The inside of Father’s store was deep and dark. Cases, crates, and barrels stood piled one on top of another right up to the ceiling, with just a narrow lane running down the middle and ending in what was called “the yard”–not a yard at all, only a strong, rough board shed filled with “empties” and cats. There were no windows; the cats, crawled in and out of the “empties” hunting for rats, their eyes shining in the black.

Slits of daylight cut between the boards of the shed walls, and shadows thrown by a sputtering gas jet made it all spooky and unreal–different from the solid, comfortable feel of the outer store crammed with provisions.

Father had every colour of cat. He took fresh milk in a bottle from home every morning to them; he said a diet of straight rat was not healthy for cats. Only one of them was a comfortable, particular cat and came to sit by the stove in Father’s office. The rest were just wholesale cats. Father’s office was beside the open front of his big store and in it Father sat in front of a large, square table covered with green baize; on it in front of him was a cupboard full of drawers and pigeon-holes.

He sat in a high-backed wicker armchair. His beard was white and, after he went bald, he wore a black skull cap. A fat round stove, nearly always red hot, was between Father’s table and the long, high desk where his men stood or sat on high stools doing their books when they were not trundling boxes on a truck.

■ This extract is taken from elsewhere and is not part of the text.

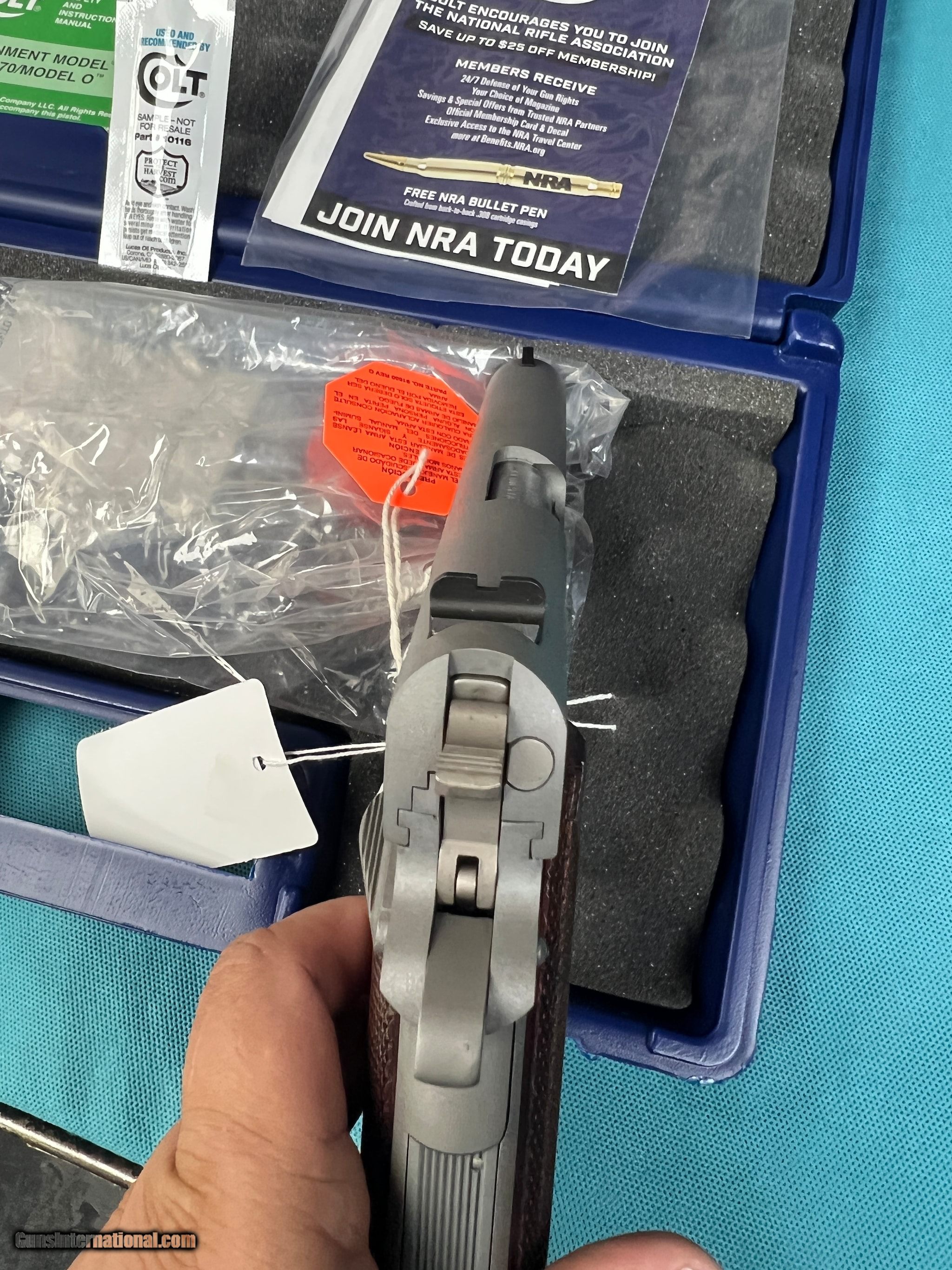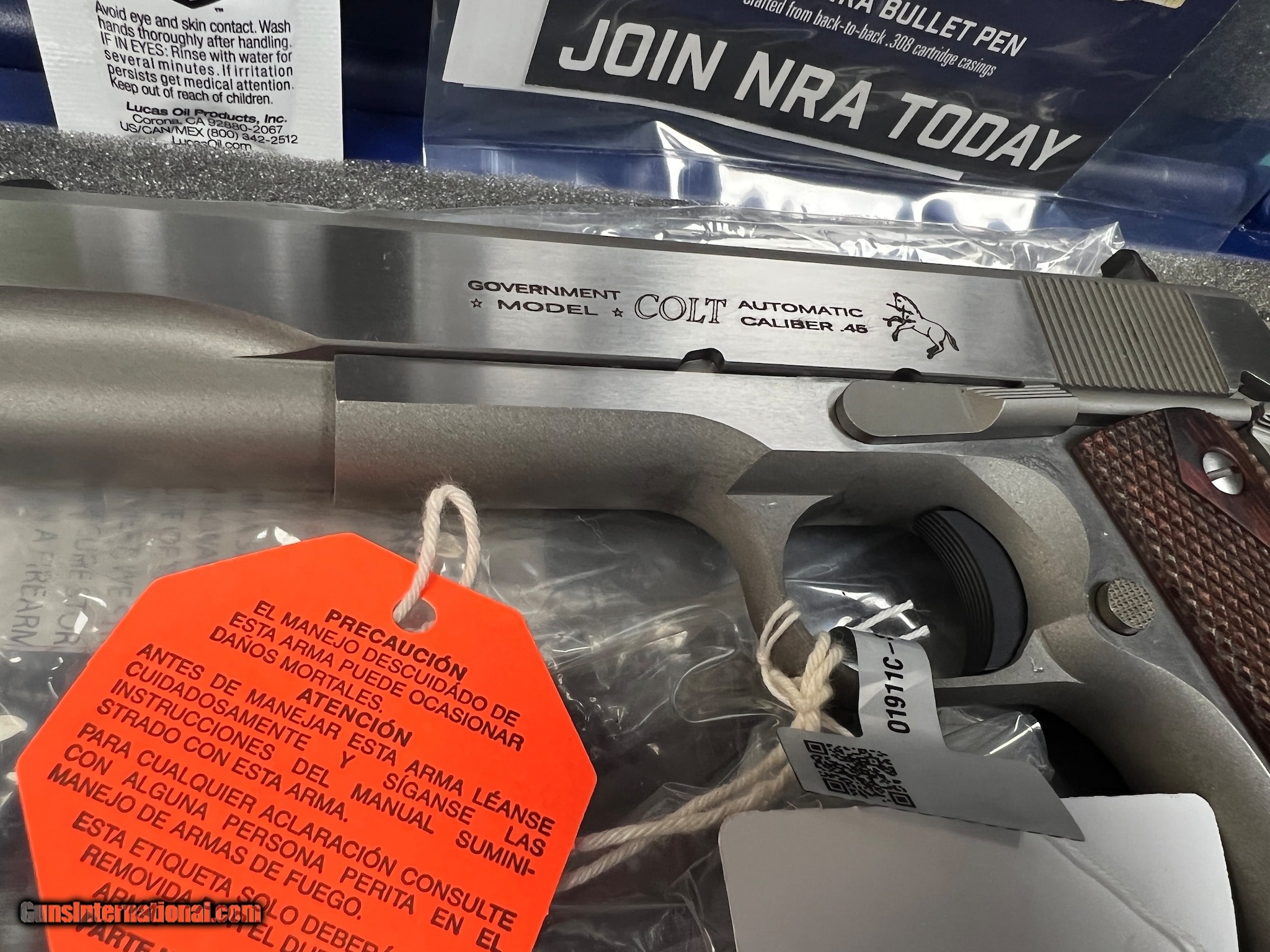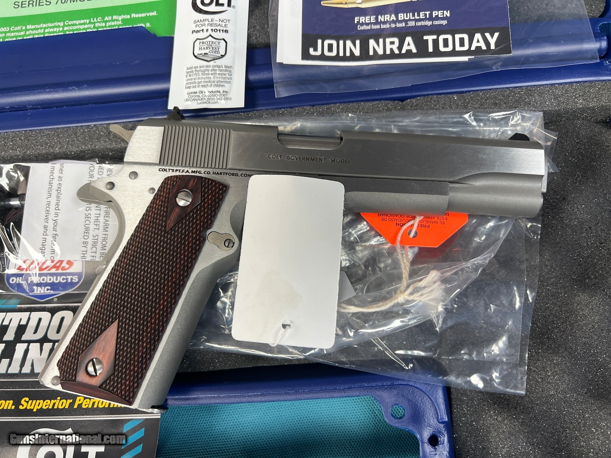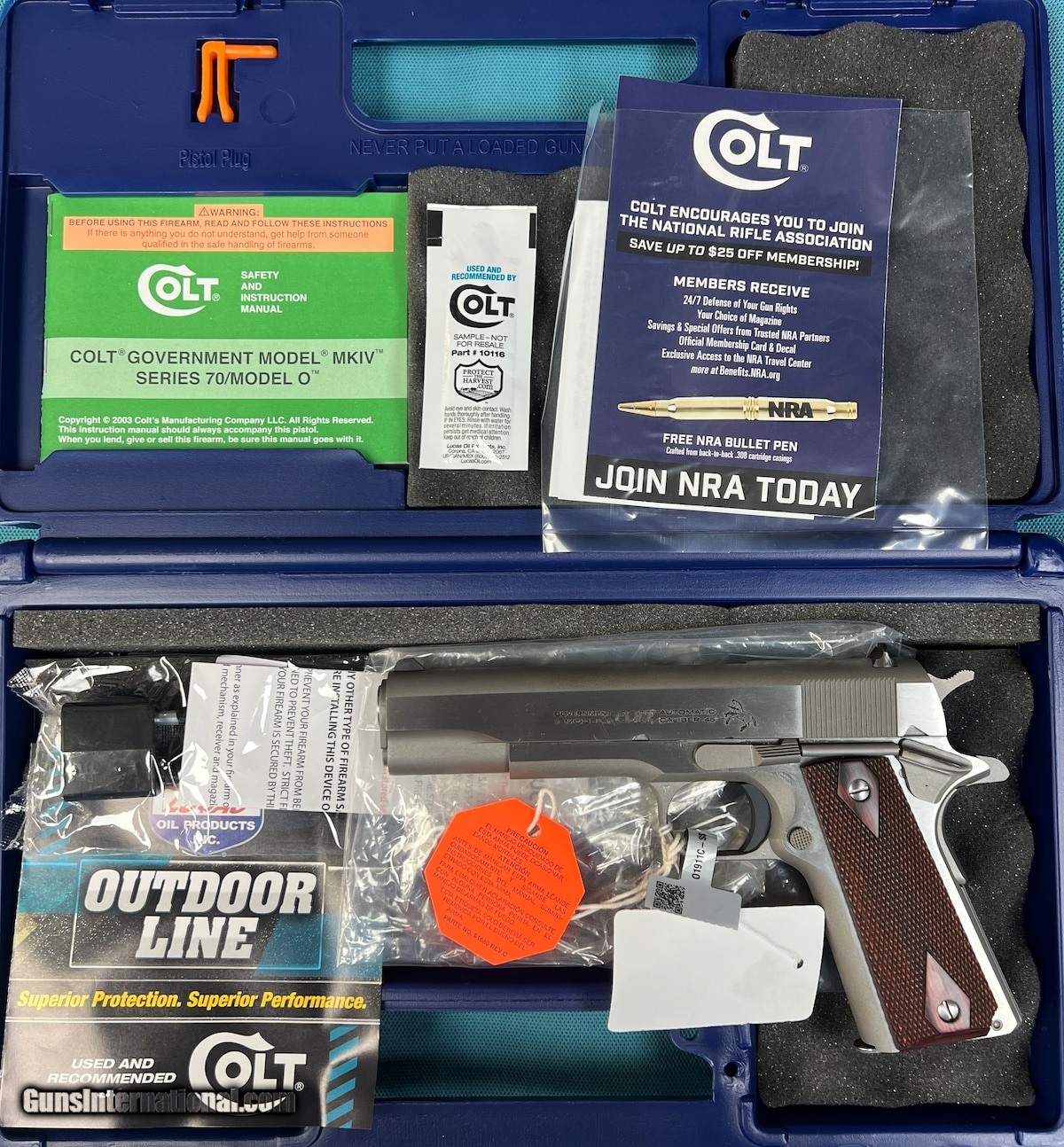 Description: Guns Listing ID: 518097 *************INCLUDES************** ONE COLT 8 ROUND MAGAZINE IN ORIGINAL BOX When you think of a 1911, you think of Colt. A tribute to the revered Commercial Government Model pistols of the past, the 1911 Classic features the Series 70 firing system and rollmarks, national match barrel, staked on front sights, and spurred hammer. Corrosion-resistant stainless steel and chambered in .45 ACP, this firearm is a pure and simple 1911 designed for you to make it your own. SOLD Manufacturer: COLT Model: 1911 GOVERNMENT MODEL 45 ACP SERIES 70 Caliber Info: .45 ACP Condition: Used - Non-Certified Barrels: 5 BARREL Finish: STAINLESS |

There was an iron safe in one corner of the office with a letter press on top and there were two yellow chairs for customers to sit on while Father wrote their orders in his book. Everything was dozened in Father’s store: his was not a business that sold things by pinches in paper bags. High along the wall ran four long shelves holding glass jars of sample English sweets–all pure, all wholesome, all English. The labels said so.